→ **Work order**: Data follows below. Repeat exactly the lines between the line holding "Связана из ниточек" and the line holding "Deliciosas mini bolinhas", inclusive, and nothing more; drop pictures.

→ **Exercise input**:

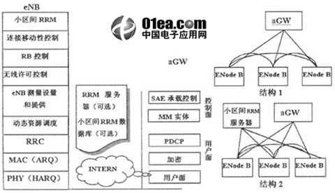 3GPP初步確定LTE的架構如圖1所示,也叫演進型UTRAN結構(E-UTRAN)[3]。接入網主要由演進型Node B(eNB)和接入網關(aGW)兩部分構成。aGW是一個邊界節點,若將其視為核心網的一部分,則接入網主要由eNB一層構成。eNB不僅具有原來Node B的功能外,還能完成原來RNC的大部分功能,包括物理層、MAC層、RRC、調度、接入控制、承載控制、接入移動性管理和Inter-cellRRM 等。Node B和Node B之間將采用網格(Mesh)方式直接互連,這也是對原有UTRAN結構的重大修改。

---

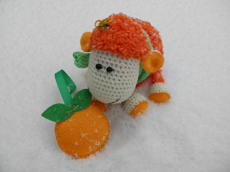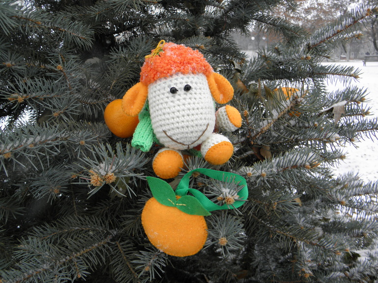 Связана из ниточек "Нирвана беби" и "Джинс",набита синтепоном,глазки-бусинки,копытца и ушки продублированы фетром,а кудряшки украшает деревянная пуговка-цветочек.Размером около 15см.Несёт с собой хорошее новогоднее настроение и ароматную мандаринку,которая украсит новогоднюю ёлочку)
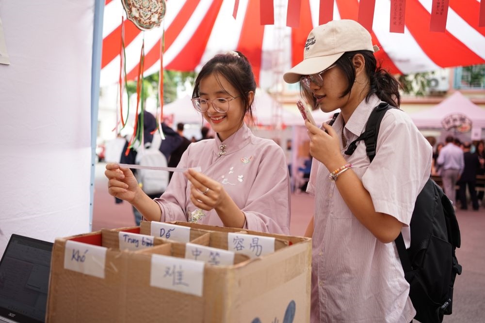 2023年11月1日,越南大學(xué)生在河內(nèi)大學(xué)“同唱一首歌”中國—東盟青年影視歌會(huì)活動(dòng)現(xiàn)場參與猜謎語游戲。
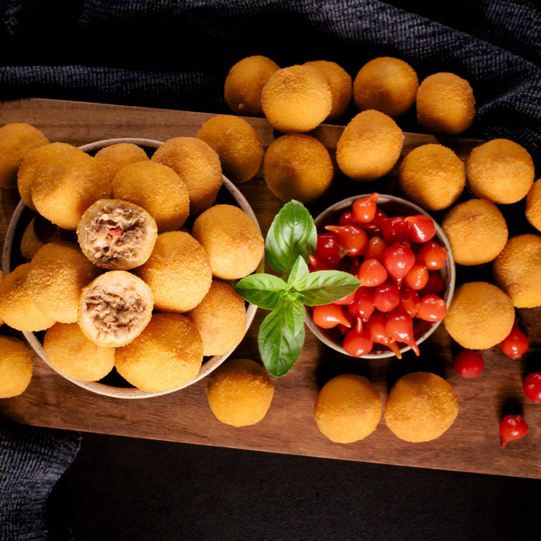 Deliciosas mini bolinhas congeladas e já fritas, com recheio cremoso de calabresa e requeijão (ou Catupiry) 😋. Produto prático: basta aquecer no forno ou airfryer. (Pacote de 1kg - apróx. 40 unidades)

* * *

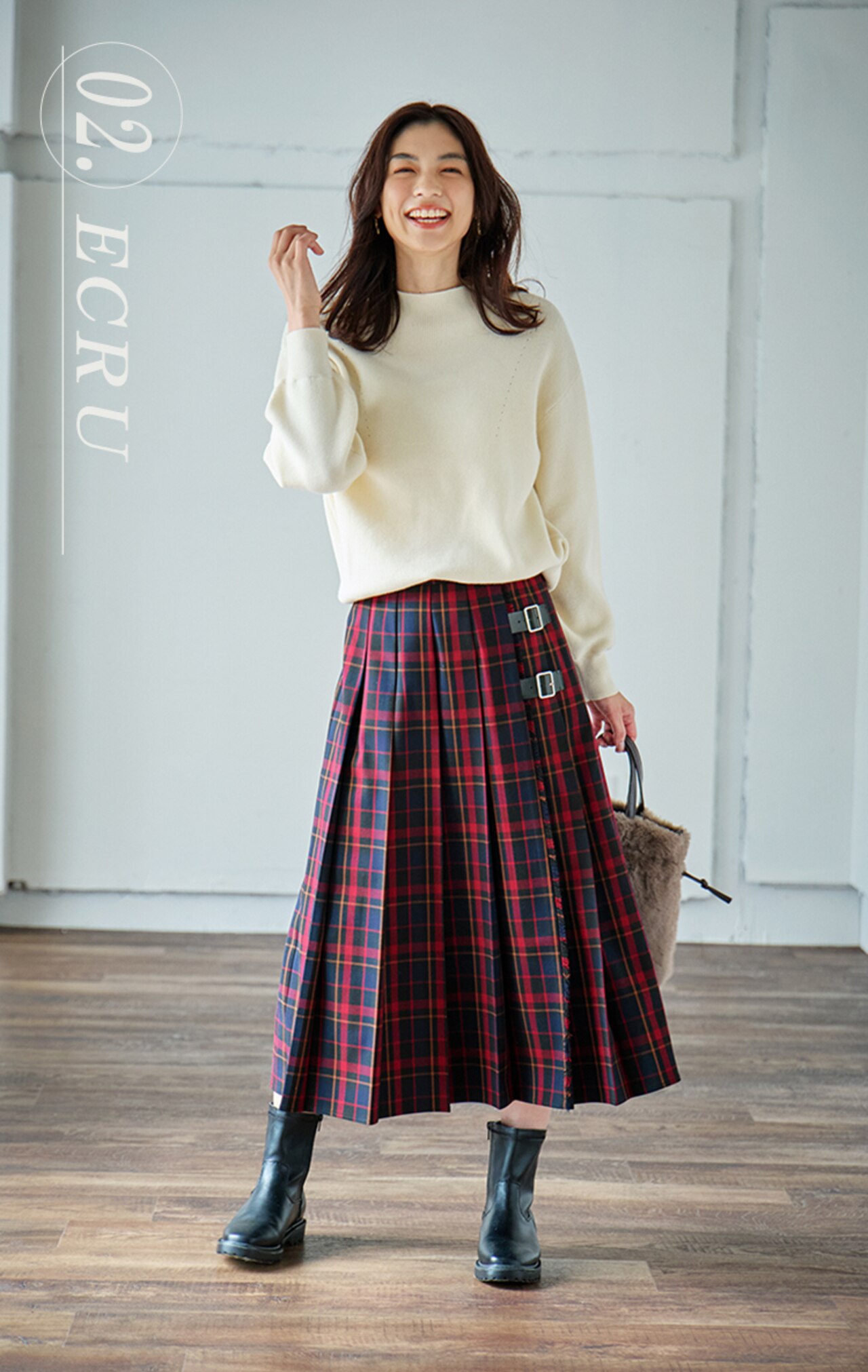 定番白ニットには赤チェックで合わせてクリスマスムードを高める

→ **Solution to the exercise**:
 Связана из ниточек "Нирвана беби" и "Джинс",набита синтепоном,глазки-бусинки,копытца и ушки продублированы фетром,а кудряшки украшает деревянная пуговка-цветочек.Размером около 15см.Несёт с собой хорошее новогоднее настроение и ароматную мандаринку,которая украсит новогоднюю ёлочку)
 2023年11月1日,越南大學(xué)生在河內(nèi)大學(xué)“同唱一首歌”中國—東盟青年影視歌會(huì)活動(dòng)現(xiàn)場參與猜謎語游戲。
 Deliciosas mini bolinhas congeladas e já fritas, com recheio cremoso de calabresa e requeijão (ou Catupiry) 😋. Produto prático: basta aquecer no forno ou airfryer. (Pacote de 1kg - apróx. 40 unidades)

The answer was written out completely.